Él era consciente de los riesgos que corría. Poco antes se había salvado de un frustrado atentado en la Basílica del Sagrado Corazón de Jesús. El rencor contra su opción pastoral se traslucía en los periódicos y en las calumnias y amenazas anónimas contra su integridad física. Los sectores del gran capital, los militares fascistas, Roberto D’Aubuisson, líder del escuadrón de la muerte salvadoreño y fundador de la Alianza Republicana Nacionalista (ARENA), y algunos obispos y sacerdotes conservadores divulgaban esas calumnias. Éstas llegaron al papa Juan Pablo II, que “reprendió” a Romero por la vehemencia de sus palabras. En 1980, él se reunió en Roma con el papa para ofrecerle información segura sobre la terrible situación del país. Además, envió una carta a Jimmy Carter, presidente de los Estados Unidos, pidiéndole que cesara el apoyo militar a las fuerzas de represión del gobierno salvadoreño.

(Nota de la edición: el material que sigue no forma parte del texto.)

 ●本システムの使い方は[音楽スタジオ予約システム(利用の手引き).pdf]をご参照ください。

Quien fue llamado “la voz de los sin voz” obtuvo un importante reconocimiento internacional: en 1978 fue nombrado doctor honoris causa en la Universidad de Georgetown, en 1979 fue propuesto para el Premio Nobel de la Paz y en 1980 recibió el doctorado honoris causa de la Universidad de Lovaina.

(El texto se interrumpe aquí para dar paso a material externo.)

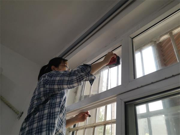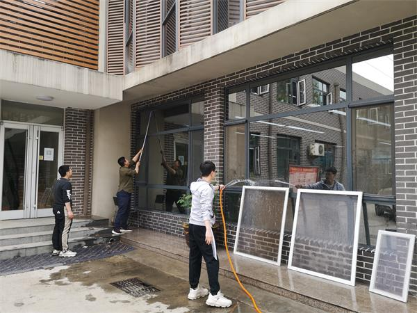 本次活動主要針對設(shè)計院的公共衛(wèi)生區(qū)域。先是擦玻璃,職工孟榮榮說:“用報紙擦吧,以前都用報紙擦,擦得很干凈?!薄澳嵌际抢宵S歷了,現(xiàn)在都用擦玻璃神器啦,我早準(zhǔn)備好了?!壁w蓓說。只見趙蓓拿出自帶了“刮水”功能的擦玻璃神器,沾上洗潔精水,吸附到玻璃窗上,不一會兒就把玻璃擦得干干凈凈。一樓設(shè)計室的外窗高,綜合辦準(zhǔn)備了加長桿的玻璃刮子,司南帶領(lǐng)幾名青年職工認(rèn)真擦拭,使窗戶變得潔凈透亮。接下來打掃辦公區(qū)域,職工們不放過一個盲區(qū)、不落下一個角落。大家對辦公室、樓道、衛(wèi)生間的衛(wèi)生死角進(jìn)行清掃、噴灑消毒;對打印機(jī)、飲水機(jī)、儲物柜等公用設(shè)備進(jìn)行擦拭消毒;對門把手、沖水按鈕、水龍頭開關(guān)等擦拭消毒。室內(nèi)清理完后清理小花園,大家拿著掃把、鏟子等工具,清掃拔除雜草,撿拾花池的雜物,清理衛(wèi)生死角,經(jīng)過兩個小時的勞動,辦公環(huán)境內(nèi)外煥然一新。

El mayor homenaje que el pueblo salvadoreño ha podido rendirle fue la asistencia masiva a su entierro, repleto de campesinos, obreros, excluidos y hasta algunas familias de la elite que le tenían afecto. En el trayecto, una fuerte represión dejó más de treinta muertos y cerca de trescientos heridos.
Las investigaciones de la Comisión de la Verdad, llevadas a cabo por las Naciones Unidas, señalaron como autores intelectuales y responsables por el asesinato de Romero al ex mayor Roberto D’Aubuisson y al capitán Álvaro Saravia. Éste fue considerado culpable del magnicidio a fines de 2004, en un juicio civil realizado en California. Sin embargo, una ley de amnistía en El Salvador dejó sin condena esa y muchas otras atrocidades.